In fact, ideas around performance and identity are key thematic threads throughout the film, which find their fullest expression in a beautifully exuberant and optimistic ending where the protagonists put on a play for an invited audience on an outdoor stage they’ve constructed in the oasis. It’s an Artangel project (which will be released by Modern Films soon) and completely sui generis, a film that genuinely seems to get under London’s skin and nail a particular moment.
Andrea is an artist, filmmaker and cultural activist. Andrea’s work is concerned with marginalisation, social justice and structural violence and has been nominated for The Grierson Award and The Film London Jarman Award. Her films include Erase and Forget (2017), which had its world premiere at the Berlin Film Festival and was nominated for the The Glashütte Original – Documentary Award and Estate, a Reverie (2015) which documents the last days of Hackney’s Haggerston Estate before its demolition, the artist’s home for 17 years. Selected exhibitions include Civil Rites, The London Open at the Whitechapel Gallery, London (2018) and solo show ‘Common Ground’ at Spike Island, Bristol (2017). Andrea is the co-founder of the cultural collectives Fugitive Images and Vision Machine (collaborators on Academy Award® nominated feature documentary The Look of Silence). Andrea is a Reader at Central St Martins, University of the Arts London.

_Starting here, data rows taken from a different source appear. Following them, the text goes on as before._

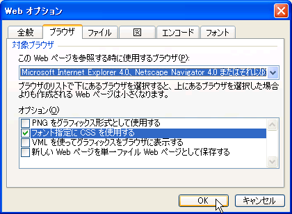 Internet ExplorerとNetscape Navigator両方のブラウザ互換のWebページを作成したい場合、WebオプションにてそのWebページを参照する時に使用するブラウザを「Microsoft Internet Explorer 4.0、Netscape Navigator 4.0またはそれ以降」に設定します。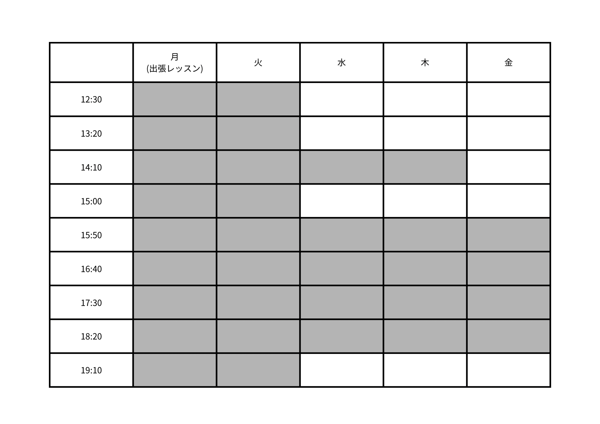 レッスンの空き枠(2026年4月現在)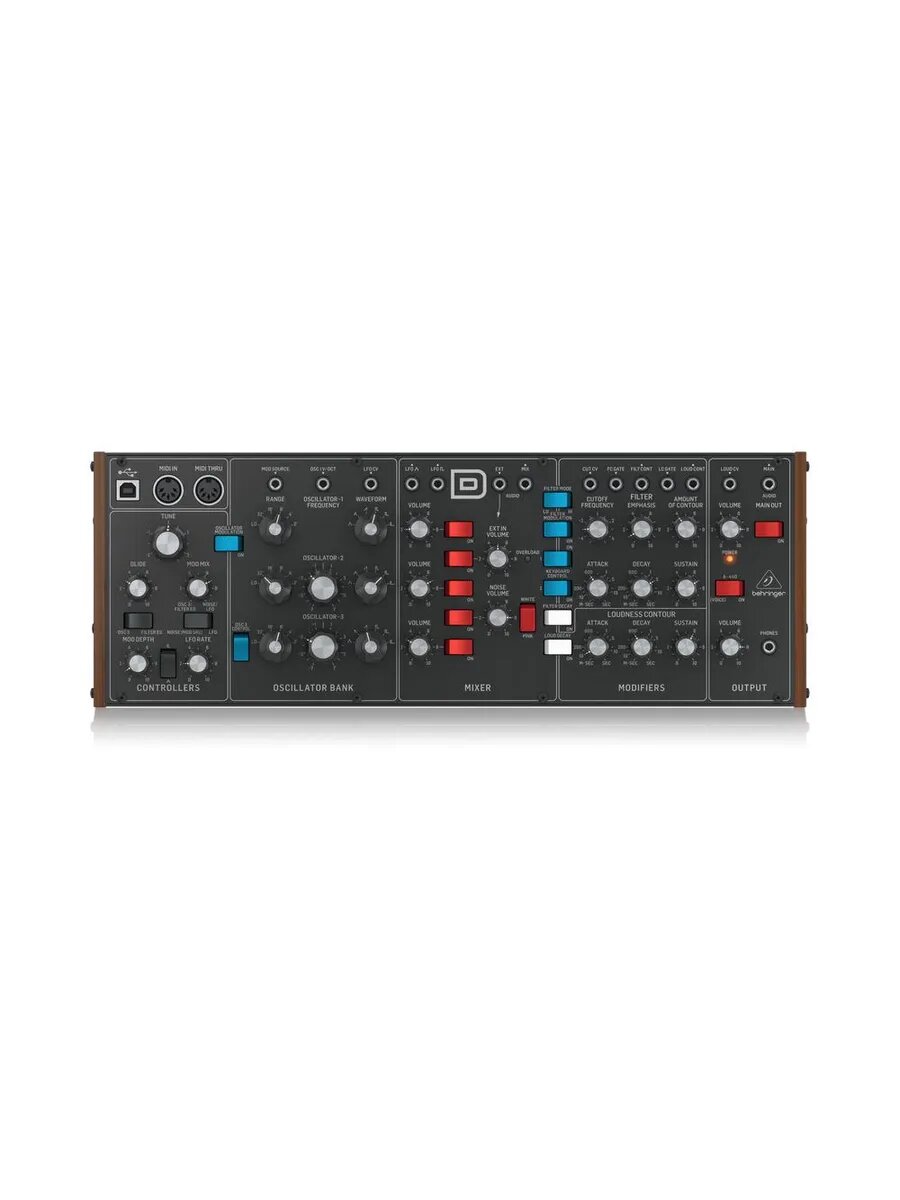 Behringer MODEL D синтезатор, полностью аналоговый, 3 VCO, генератор белого/розового шума, VCF и VCA, цепи внешнего управления, MIDI, USB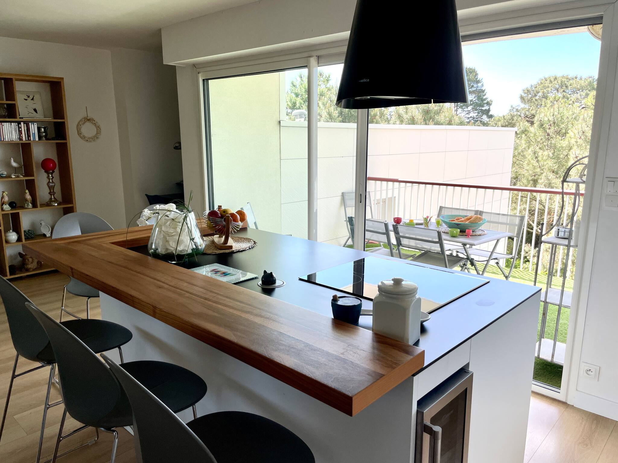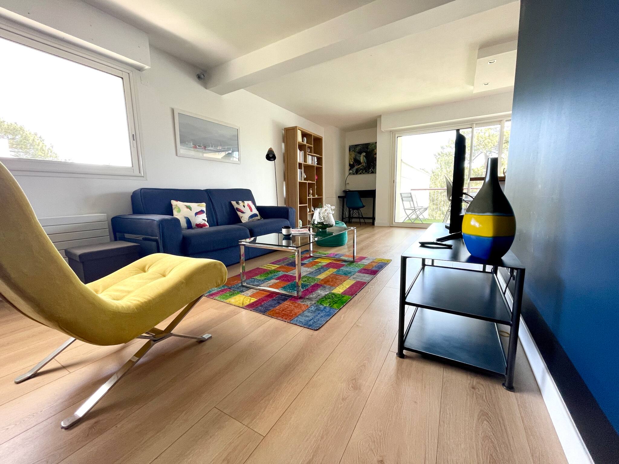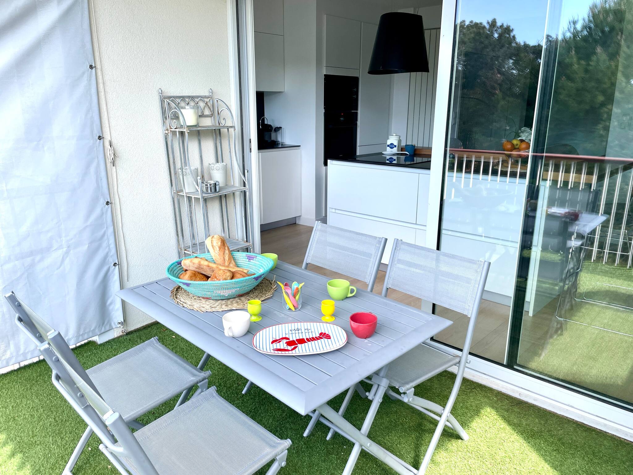 The living area is very bright and opens onto a large terrace (outdoor table with 4 seats)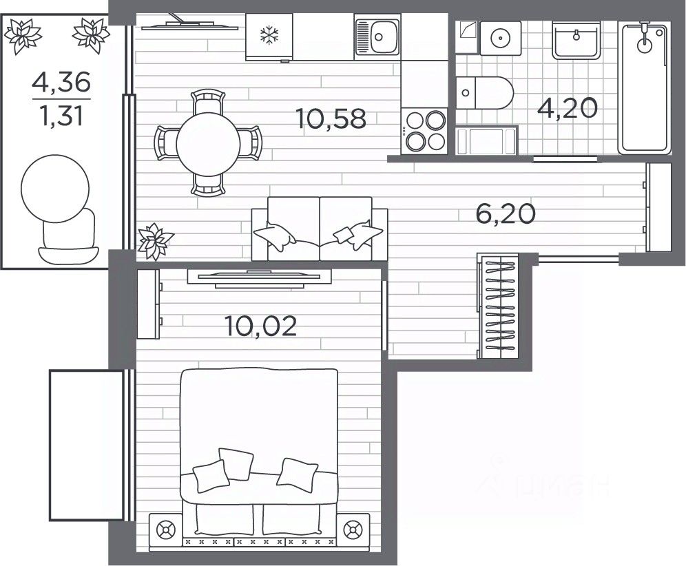 Однокомнатная квартира с отделкой в ЖК "PLUS Пулковский" на 5 этаже. Общая площадь: 32.82 кв.м. Высота потолков 2.75 м.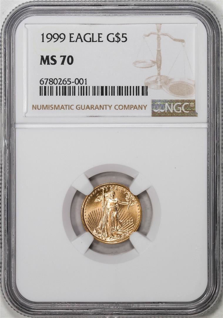 One 1999 $5 American Gold Eagle Coin NGC MS70. NGC Certified.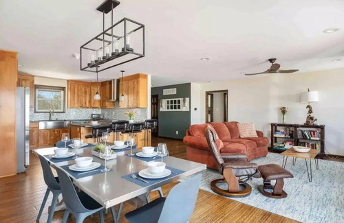 The kitchen features a farmhouse sink, an induction cooktop, a wine fridge, and a double oven. With these great appliances, you'll be able to take some of the essentials we've provided and the groceries you bring to make an unforgettable meal.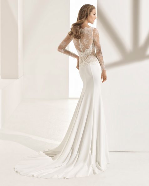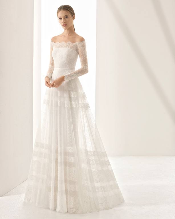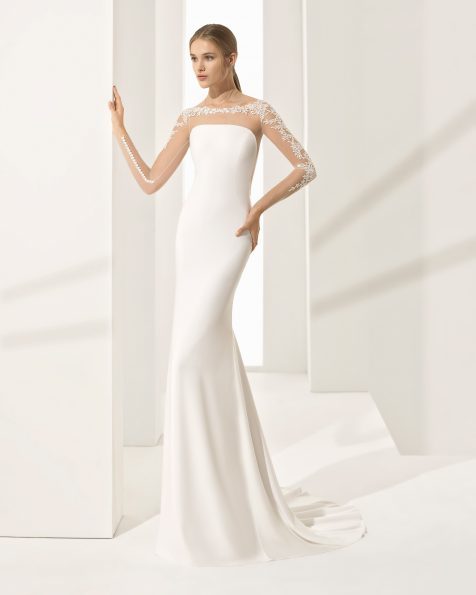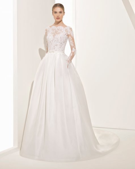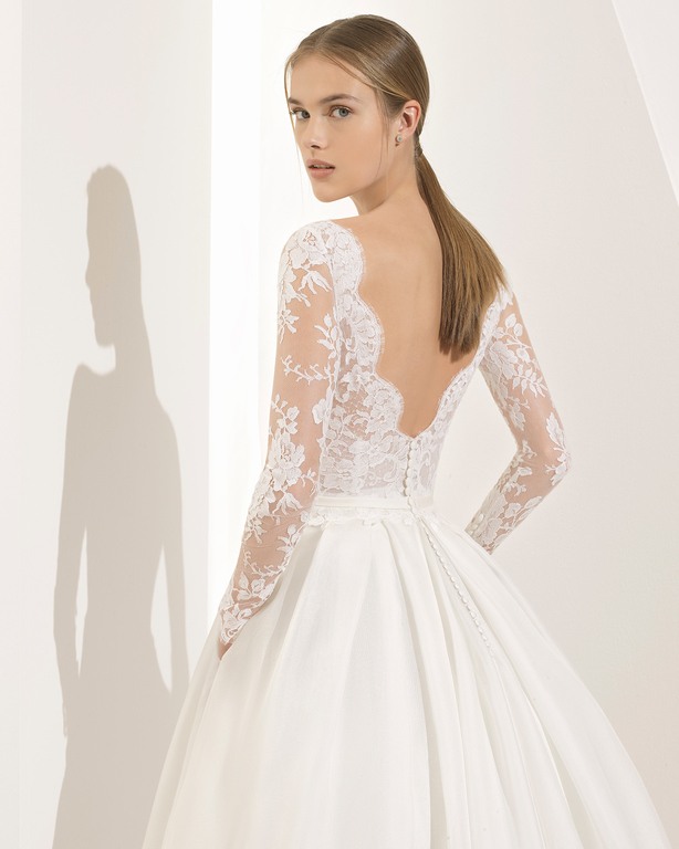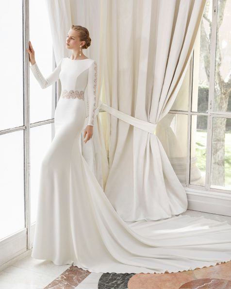 También encontramos como no, las últimas tendencias dentro de los vestidos de novia Rosa Clará para la línea “Couture”, es el caso de los modelos de vestidos de novia de manga larga, ideales para una boda de tarde tal y como es el caso del modelo llamado “Paula” que podéis ver a continuación.

Adrian is a theatre maker, playwright, teacher, translator and one of the world’s leading experts on the Theatre of the Oppressed. In 1991, he founded Cardboard Citizens, a theatre project that aims to change the lives of homeless people through the performing arts. He has directed over 50 plays with Cardboard Citizens, including Pericles (2003) and Timon (2006) with the Royal Shakespeare Company, The Beggar’s Opera (1999) with the English National Opera, Mincemeat (2009), winner of an Evening Standard Theatre Award and A Few Man Fridays (2012). Jackson had a long association with Augusto Boal – the Brazilian theatre maker, theorist and founder of the Theatre of the Oppressed – and has translated a number of Boal’s books into English. More recently, he directed Cathy, by Ali Taylor (2016/17), and, with Caitlin Mcleod, Home Truths, an Incomplete History of Housing Told in Nine Plays (2017).